摘要：在本文中，我们提出一种可实现从原始k空间空间欠采样的MR图像重构跨域网络。我们设计了一个二维概率抽样掩膜层模拟真实欠操作。然后，2D逆FFT被部署到从频域到空间域重建MR图像。通过减少地面实况图像和输出之间的欧几里德损失，我们训练我们的概率模板层的参数。我们发现的概率会出现特殊的模式，是由通用常识完全不同即面膜应该是泊松状，在某些欠率。我们分析的概率模板进行高斯或二次分布，并探讨这种模式会比传统更精确和稳健。大量的实验证明，我们发现规则适应于大多数情况下。这可以进一步MR重建面罩设计的有用的指导。

88. DFVS: Deep Flow Guided Scene Agnostic Image Based Visual Servoing [PDF] 返回目录
Y V S Harish, Harit Pandya, Ayush Gaud, Shreya Terupally, Sai Shankar, K. Madhava Krishna
Abstract: Existing deep learning based visual servoing approaches regress the relative camera pose between a pair of images. Therefore, they require a huge amount of training data and sometimes fine-tuning for adaptation to a novel scene. Furthermore, current approaches do not consider underlying geometry of the scene and rely on direct estimation of camera pose. Thus, inaccuracies in prediction of the camera pose, especially for distant goals, lead to a degradation in the servoing performance. In this paper, we propose a two-fold solution: (i) We consider optical flow as our visual features, which are predicted using a deep neural network. (ii) These flow features are then systematically integrated with depth estimates provided by another neural network using interaction matrix. We further present an extensive benchmark in a photo-realistic 3D simulation across diverse scenes to study the convergence and generalisation of visual servoing approaches. We show convergence for over 3m and 40 degrees while maintaining precise positioning of under 2cm and 1 degree on our challenging benchmark where the existing approaches that are unable to converge for majority of scenarios for over 1.5m and 20 degrees. Furthermore, we also evaluate our approach for a real scenario on an aerial robot. Our approach generalizes to novel scenarios producing precise and robust servoing performance for 6 degrees of freedom positioning tasks with even large camera transformations without any retraining or fine-tuning.
摘要：现有的深度学习基于视觉伺服接近回归的一对图像之间的相对相机姿态。因此，它们需要大量的训练数据，有时微调以适应一个新的场景数量。此外，当前的方法没有考虑现场的基本几何体，依靠相机姿态的直接估计。因此，在相机姿势预测，尤其是对遥远的目标不准确，导致伺服性能下降。在本文中，我们提出了两方面的解决方案：（一）我们认为，光流作为我们的视觉特征，它使用的是深层神经网络预测。（ⅱ）这些流的特征然后系统通过使用相互作用矩阵另一个神经网络提供深度估算集成。我们进一步提出了一个广泛的基准测试中跨不同场景照片般逼真的三维模拟研究收敛性和泛化的视觉伺服方法。我们显示超过3米和40度的收敛，同时保持我们的富有挑战性的基准下2厘米和1度的精确定位，其中是无法收敛为广大的情景逾一百五十万度和20度的现行做法。此外，我们还评估我们对空中机器人真实的情景的方法。我们的方法推广到制造用于与甚至大的相机变换6个自由度定位任务精确和鲁棒伺服性能，无需任何再培训或微调新颖方案。

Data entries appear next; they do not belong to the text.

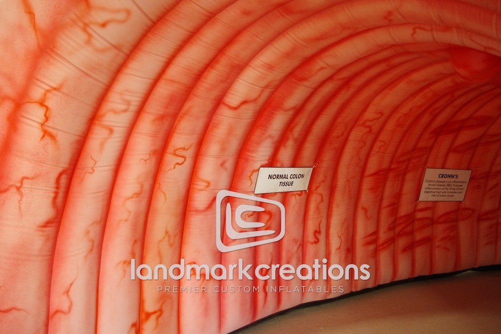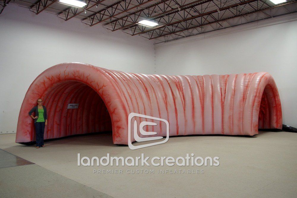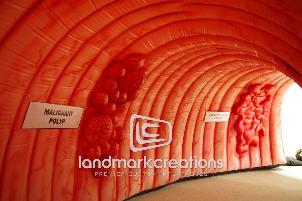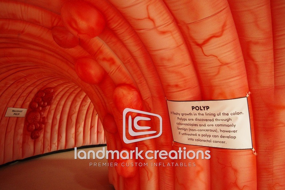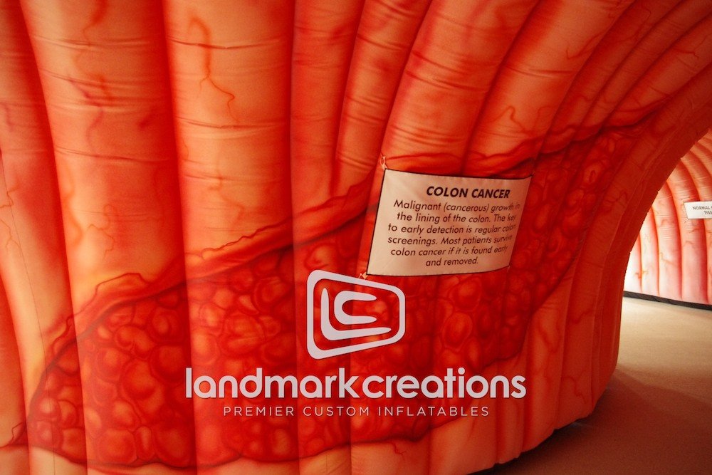 This inflatable colon designed for the Center for Rural Health sparks conversations and increases colon cancer awareness at community events and exhibits. With descriptive banners placed next to disease replicas, people can easily view colon health issues.
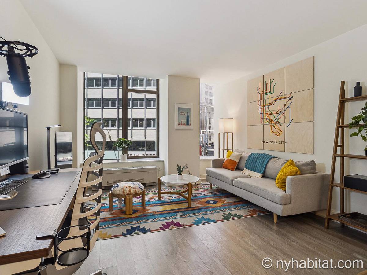 The Financial District may surprise you; it’s an exciting area of the city in which to live and balances hard work with plenty of opportunities to explore. If you dream about making the Financial District your temporary home, renting a furnished apartment rental in the Financial District might be a wise idea. Living in an apartment offers the personalized experience of being able to explore the city at your own pace and effortlessly blend in with the local way of life. The freedom to cook at home, wake up and depart when you please, and work remotely is all possible in a furnished apartment. Many are also equipped with extra storage for longer stays, laundry facilities for keeping clean, and wireless internet for staying connected. This furnished studio apartment in the Financial District is the perfect example of an ideal place to work from home.
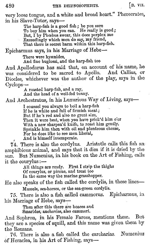 | The Phagesia—Fish—Epicures—Fish—Cooks—Sharks—Fish—Glaucus—Eels—The Tunny-Fish—Fish—Pike—Fish—The Polybus—Fish | 433-521 |
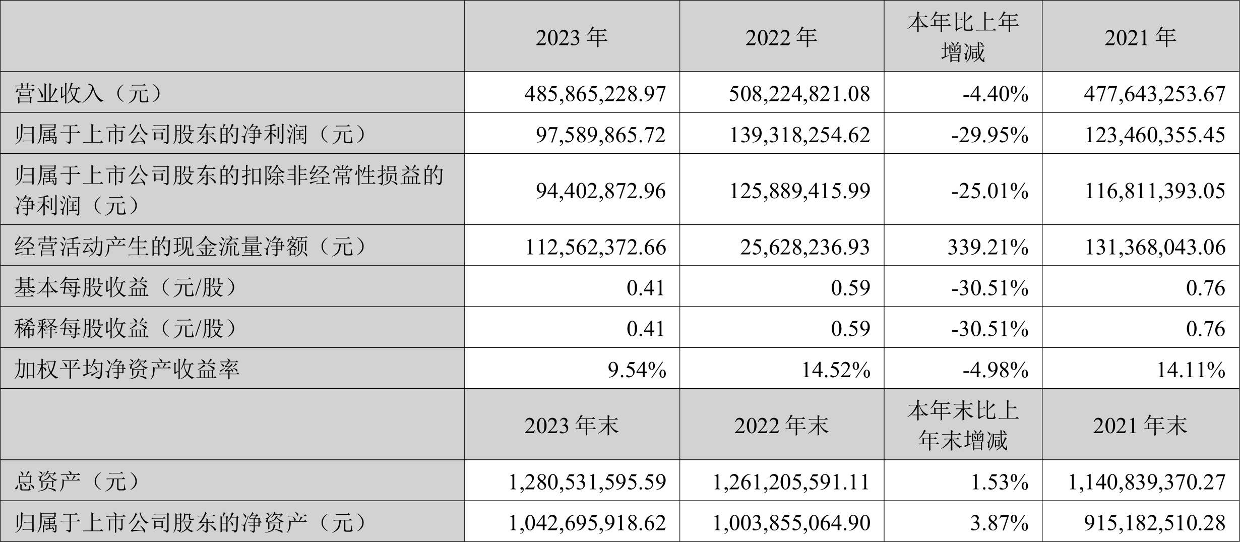 中证智能财讯 思进智能(003025)4月27日披露2023年年报。2023年,公司实现营业总收入4.86亿元,同比下降4.40%;归母净利润9758.99万元,同比下降29.95%;扣非净利润9440.29万元,同比下降25.01%;经营活动产生的现金流量净额为1.13亿元,同比增长339.21%;报告期内,思进智能基本每股收益为0.41元,加权平均净资产收益率为9.54%。公司2023年年度利润分配预案为:拟向全体股东每10股派2元(含税)。

89. Online Self-Supervised Learning for Object Picking: Detecting Optimum Grasping Position using a Metric Learning Approach [PDF] 返回目录
Kanata Suzuki, Yasuto Yokota, Yuzi Kanazawa, Tomoyoshi Takebayashi
Abstract: Self-supervised learning methods are attractive candidates for automatic object picking. However, the trial samples lack the complete ground truth because the observable parts of the agent are limited. That is, the information contained in the trial samples is often insufficient to learn the specific grasping position of each object. Consequently, the training falls into a local solution, and the grasp positions learned by the robot are independent of the state of the object. In this study, the optimal grasping position of an individual object is determined from the grasping score, defined as the distance in the feature space obtained using metric learning. The closeness of the solution to the pre-designed optimal grasping position was evaluated in trials. The proposed method incorporates two types of feedback control: one feedback enlarges the grasping score when the grasping position approaches the optimum; the other reduces the negative feedback of the potential grasping positions among the grasping candidates. The proposed online self-supervised learning method employs two deep neural networks. : SSD that detects the grasping position of an object, and Siamese networks (SNs) that evaluate the trial sample using the similarity of two input data in the feature space. Our method embeds the relation of each grasping position as feature vectors by training the trial samples and a few pre-samples indicating the optimum grasping position. By incorporating the grasping score based on the feature space of SNs into the SSD training process, the method preferentially trains the optimum grasping position. In the experiment, the proposed method achieved a higher success rate than the baseline method using simple teaching signals. And the grasping scores in the feature space of the SNs accurately represented the grasping positions of the objects.
摘要：自监督学习方法对于自动对象采摘吸引力的候选者。然而，试验样品缺乏完整的地面实况，因为代理的观察到的部分是有限的。也就是说，包含在试验样品中的信息往往不足以学习每个对象的特定位置抓握。因此，训练陷入局部解，并且由机器人学会掌握位置是独立于对象的状态。在这项研究中，最佳的抓单个对象的位置被从把持评分来确定，其定义为在使用度量学习获得的特征空间中的距离。该溶液到预先设计的最佳把持位置的接近程度在试验进行评价。所提出的方法采用了两种类型的反馈控制的：一个反馈放大抓分数时的把持位置接近最佳;其他降低了抓候选人之间的潜在抓位置的负反馈。所提出的在线自助监督学习方法采用两道深深的神经网络。：SSD检测物体的把持位置，连体网络，评价使用在特征空间中的两个输入数据的相似性的试验样品（SNS）。我们的方法通过训练试验样品和指示最优把持位置几前样品嵌入每个抓握位置作为特征矢量之间的关系。通过将基于SN的特征空间在SSD训练过程把持得分，所述方法优选地训练的最佳把持位置。在实验中，所提出的方法实现了更高的成功率比使用简单教学信号基线方法。而在SN的特征空间中的把持分数精确地表示对象的把持位置。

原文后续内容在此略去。